AI: The Real Challenge Isn’t Technology
AI is everywhere. Yet many organisations in London’s creative, tech and public sectors invest in tools and still miss expected returns. The difference between pilots and scaled value is not the model. It is adoption. Success depends on readiness across people, data and decision-making, not on buying the latest system.
Bridging the Adoption Gap: People, Data, Outcomes
Beyond Just Buying AI Tools
Common pitfalls derail projects:
- Poor or siloed data that produces unreliable outputs.
- Teams without training, context or trust in AI results.
- Procurement focused on features rather than measurable outcomes.
- No alignment between use case and operational workflows.
Practical steps leaders can take now:
- Define a single, measurable outcome per use case and link it to business metrics.
- Invest in role-based capability building so people can operate, question and improve models.
- Use small, quick pilots that embed into real workflows and measure adoption, not just accuracy.

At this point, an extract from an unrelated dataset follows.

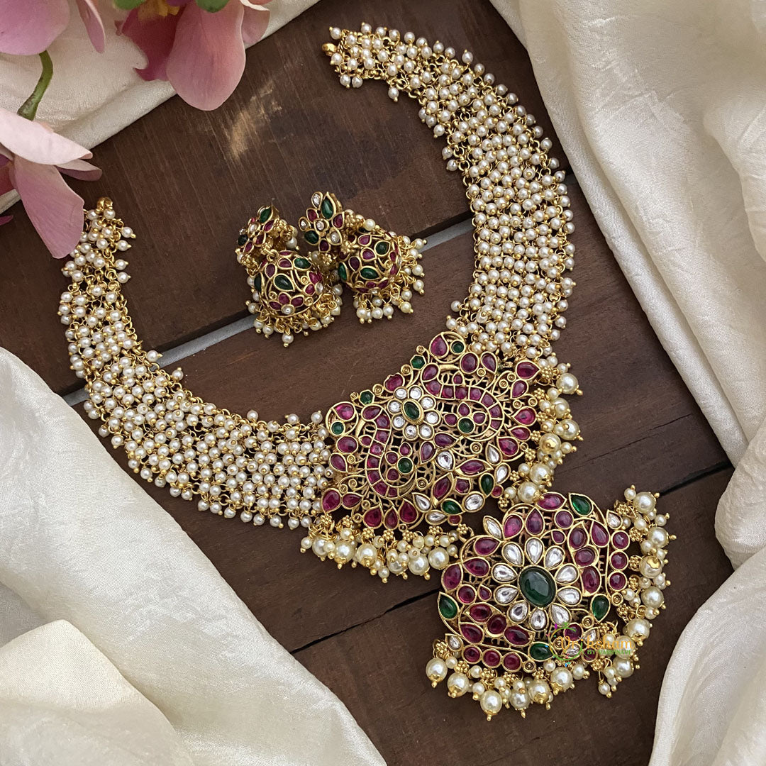 Indulge in ultimate elegance with our Premium Cluster Pearl Kemp Short Neckpiece! This stunning piece features a cluster of lustrous pearls, radiating sophistication and charm. With its premium design and quality, it's sure to add a touch of glamour to any outfit. Elevate your style with this must-have accessory today!

Building a Culture of Trust and Readiness
Governance, leadership and communication shape whether AI is adopted. Create clear policies for accountability, explainability and risk. Leaders must sponsor projects and reward behavioural change. Engage staff and citizens with transparent outcomes and controls so trust grows as systems scale.
The True Opportunity of AI
Real success is measured by operational change: faster decisions, cost avoided, new services and higher user satisfaction. Treat AI as a transformative capability that sits in people and processes. Invest in data practices, governance and learning. When adoption leads, technology follows; that is where AI becomes an engine for meaningful change in creative organisations and public services.